# What is needed
Restrict the output to the lines below starting at the one that contains "Donic Waldner SENSO CARBON" and ending at the one that contains "statt 55,90 €", and restate them word for word, both ends included.

# Supplied material
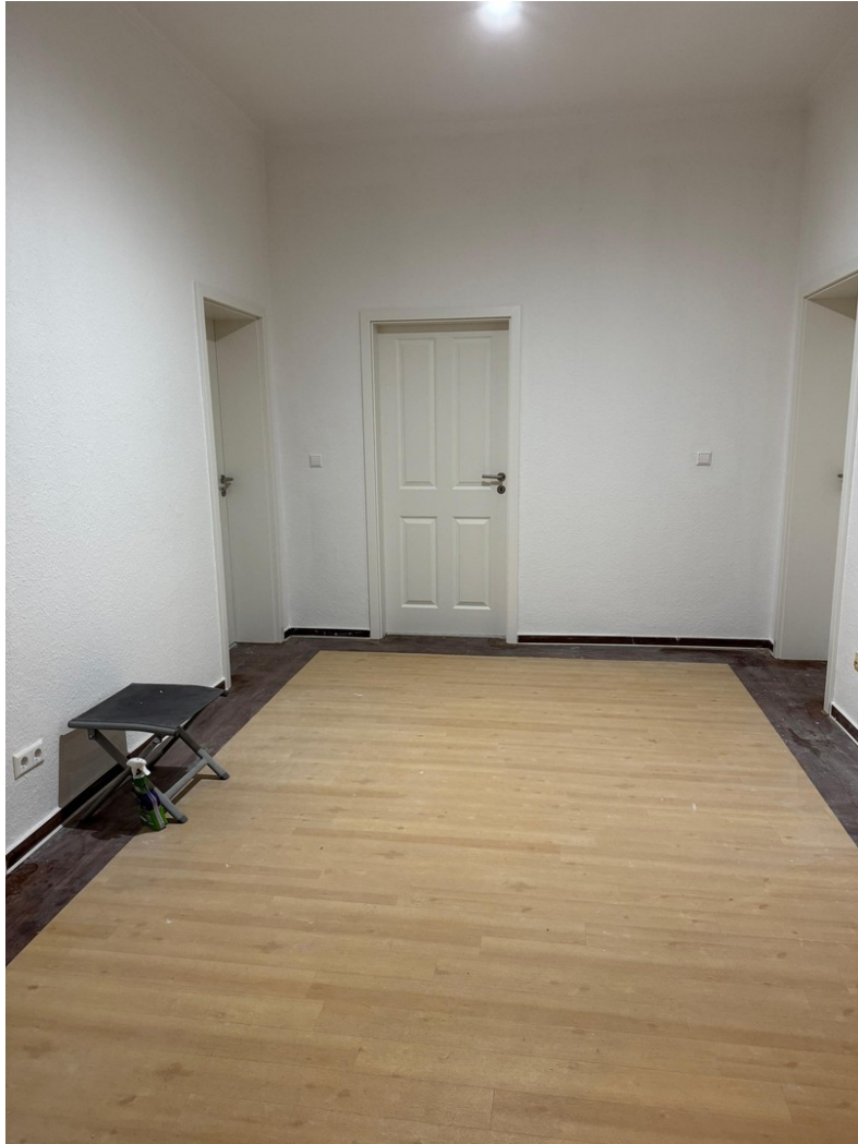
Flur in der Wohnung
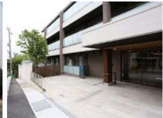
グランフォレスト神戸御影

---

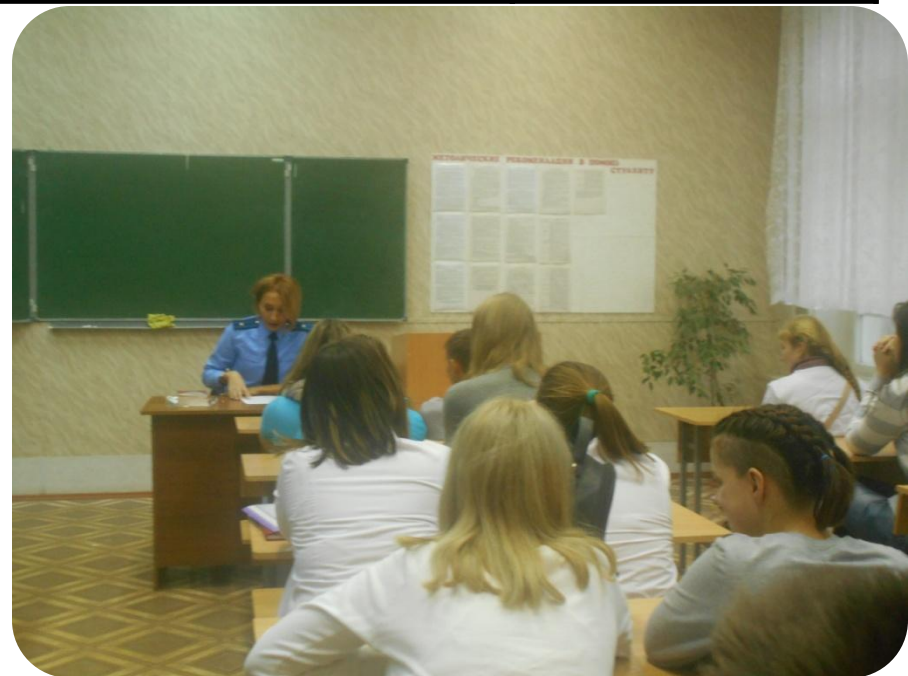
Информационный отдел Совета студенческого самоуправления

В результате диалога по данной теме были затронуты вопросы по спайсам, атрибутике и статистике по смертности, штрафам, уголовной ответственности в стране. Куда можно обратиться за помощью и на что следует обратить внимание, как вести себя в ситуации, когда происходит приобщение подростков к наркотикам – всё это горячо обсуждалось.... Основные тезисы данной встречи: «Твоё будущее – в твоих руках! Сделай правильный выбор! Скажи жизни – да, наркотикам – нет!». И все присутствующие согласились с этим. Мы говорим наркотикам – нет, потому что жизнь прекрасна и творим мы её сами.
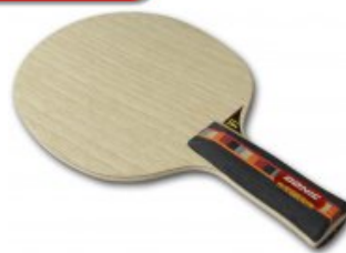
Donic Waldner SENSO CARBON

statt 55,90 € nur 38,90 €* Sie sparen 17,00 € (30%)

# Answer space
Donic Waldner SENSO CARBON

statt 55,90 € nur 38,90 €* Sie sparen 17,00 € (30%)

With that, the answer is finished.